Devlet başkanından sokaktaki sıradan
insanına kadar Amerikalıların ne kadar küfürbaz olduğu bizim medyada
hemen hemen hiç işlenmemiş bir konudur. Hiç abartmadan söylüyorum,
Amerikalıların konuşurken kullandıkları her üç sözcükten biri mutlaka
bir küfür sözcüğüdür ve bu sözcüklerin en hafifi de “bok”
sözcüğüdür.
“Bok”un İngilizce karşılığı “shit”dir, şit
diye okunur, Amerikalıların ağzından “şit” hiç eksik olmaz.
Amerika’da herkes kendisini ya “küçük
bok” sanır, ya da “büyük bok”. Böylesi bir
ayrımın benimsendiğini çok çabuk fark edersiniz. Yeni tanıştığınız
kişiler bile, eleştirdikleri biri için, “O, kendisini büyük bir
bok sanıyor!” derler.
Amerika’da toplumsal hiyerarşinin, bok
ölçüsüne göre kademelenmesi de, tüm dünyaya yayılıp dayatılan Amerikan
kültürünün kalitesi hakkında iyi bir fikir vermeye yeterlidir sanırım.
Eğer New York borsasında o gün hisse
senetleri değer kaybediyor ve yolda karşılaştığı arkadaşı,
-Borsa bugün nasıl gidiyor, diye
sorarsa… Amerikalının vereceği yanıt tek hecelidir:
-Bok…
Karşısındakinin fikirlerini benimsemeyen
Amerikalı,
-Söylediklerin bir
yığın bok! deyip, konuşmayı keser.
Birisi eleştirel sözleriyle Amerikalıyı
kızdırmaya başlarsa, alacağı yanıt son derece edebi bir benzetmedir:
-Sen, üzerinden dumanları çıkan bir
yığın at bokusunl
Amerikalıların dilinde “bok” sade
olumsuz anlamlarda kullanılmaz, olumlu anlamlarda da kullanılır. Çok
zengin bir kişinin parasal gücünün boyutları konuşulurken:
-Orospu çocuğu, denir, bok gibi zengin…
Amerikalı çok korktuğunu ifade ederken
de bok sözcüğüne başvurur:
-Korkudan bokumu yaptım…
İstediğini elde etmek için şiddete
başvuran, karşısındakini dayaktan haşat eden Amerikalı da bu olayı
sonradan arkadaşlarına anlatırken şöyle der:
-Dayaktan altına bokunu etti…
Amerikalı, herhangi bir konu hakkında
umursamazlığını da,
-Bokumda bile değil… diye ifade eder.
Ekonomik veya sosyal problemlerle başı
dertte olan bir Amerikalı da,
-Gözbebeklerime kadar bokun içindeyim!.,
diyerek halini anlatır.
Amerika’nın* 23 yaşındaki ünlü kadın
besteci ve şarkıcı Nelly Furtado’nun, “Hatırla O Günleri”

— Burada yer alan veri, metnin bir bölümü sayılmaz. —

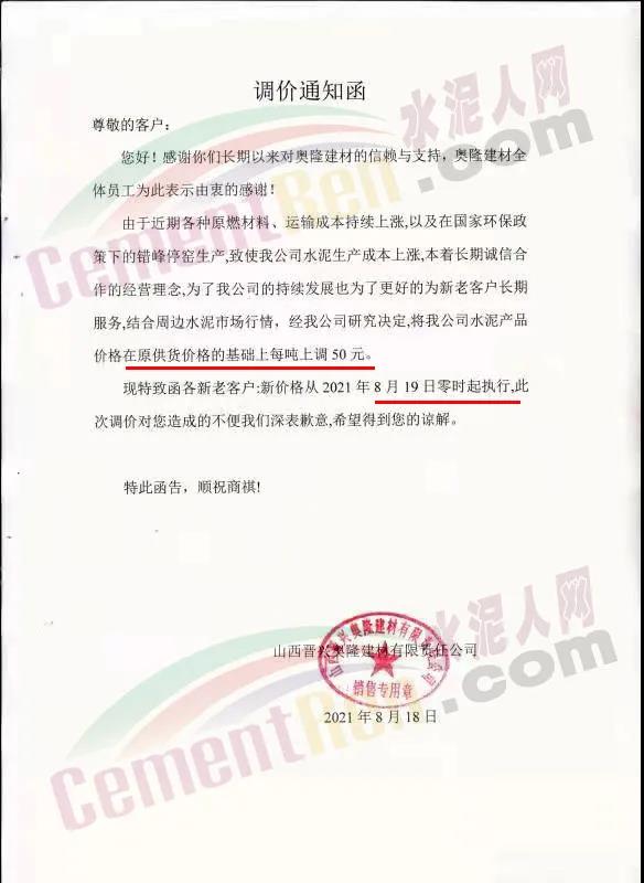 山西晉興奧隆建材有限責任公司通知,由于近期各種原燃材料、運輸成本持續上漲,以及在國家環保政策下的錯峰停窯生產,致使公司水泥生產成本上漲,結合周邊水泥市場行情,經公司研究決定,將水泥產品價格在原供貨價格的基礎上上調50元/噸,新價格從2021年8月19日零時起執行。

adlı şarkısının açılış cümlesi şöyledir:
-”Radyodaki bokumu duyuncaya
kadar beni sevmiştin.”
Yine aynı şarkıcının, “Hey,
Adam!” adlı şarkısının bir yerinde şöyle der:
-”Gökyüzünde gölgeler var,
yağmur yağacak gibi ve havada yine boklar uçuşacak.”
Amerikalılar İnternet’te bir site
açmışlar, adı “Bok Şehri”. Ve bu siteye girdiğinizde,
bok yiyen insanların, bok yiyen genç kızların resimlerini görürsünüz.

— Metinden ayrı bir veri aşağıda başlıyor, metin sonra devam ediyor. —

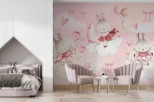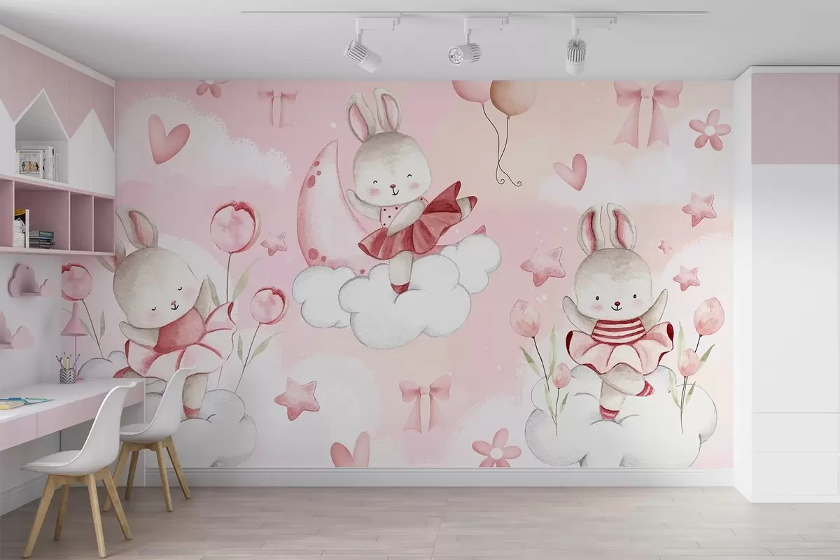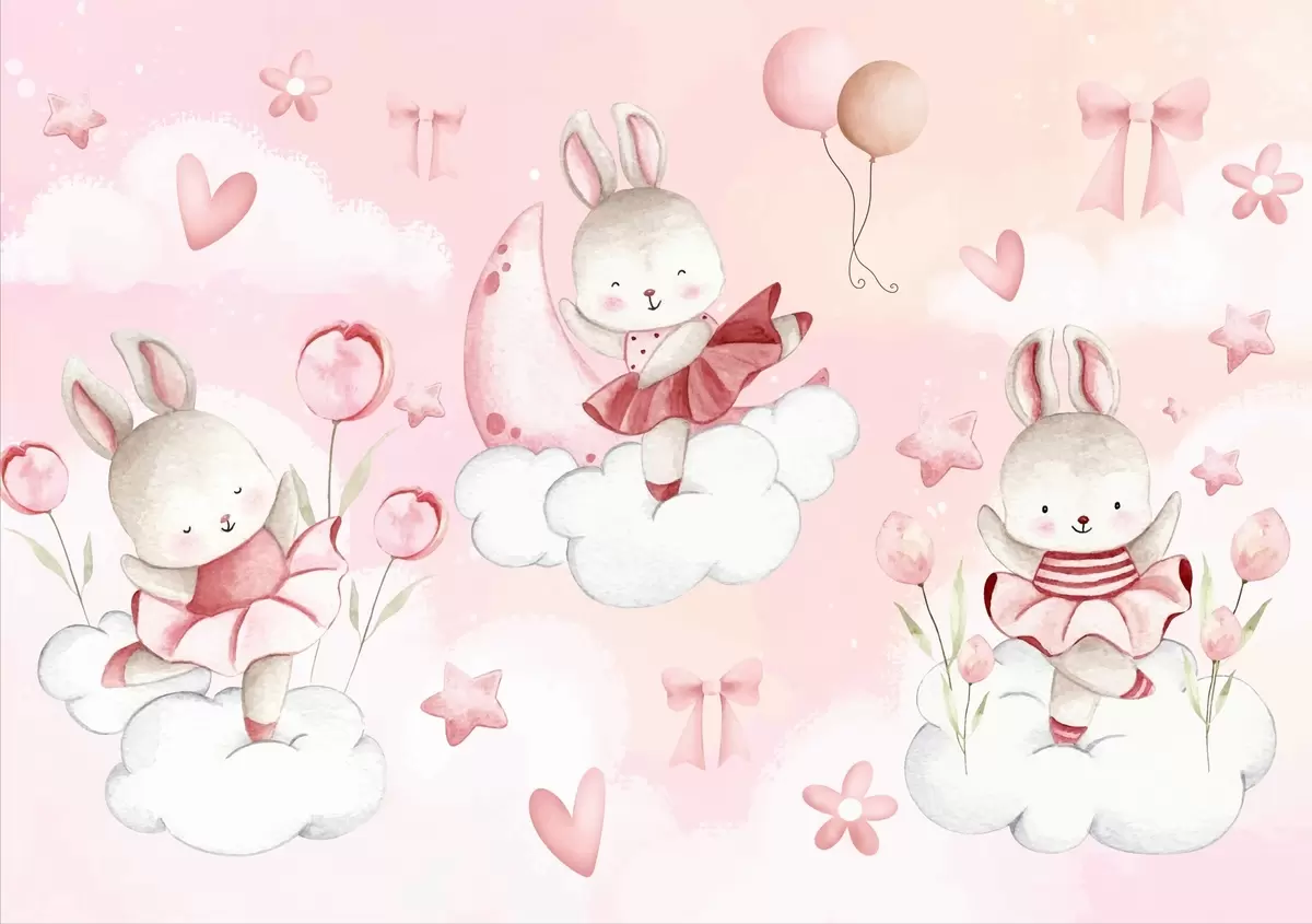 Fotomurales Conejos con vestidos de ballet rosas sobre nubes Nr. w04333

İnanmayanlara sitenin adresini veriyorum: www.shitcity.com
Yalnız, kusmadan izleyebilmeniz için gerekli önlemleri
almanızı da öneriyorum!
Bol “bok”lu Amerikan
kültürünün önemli uzantıları olan Amerikan filmlerini İngilizce dilinde
seyredenler, en aşağılık küfürlerin yanında çok sık olarak “bok”
sözcüğünün kullanıldığını pekiyi bilirler. Ancak, bu filmlerin Türkçe dublajlı olanlarında, galiz
küfürler ve “bok” sözcüğü Türkçeye. “lanet olsun” diye
çevrilmiştir!
Amerikan kültürünü Türk halkına
benimsetmek isteyen işbirlikçiler. Amerikan kültürünün “bok”lu yanını
gizlemek için olacak, böyle bir hileye başvurmuşlar.
Amerikan kültürünün aşırı bir
cömertlikle ürettiği “boklu” deyimler olmasa. Amerikalılar kendilerini
ifade etmek için herhalde “bok” gibi ortada kalacaklardı!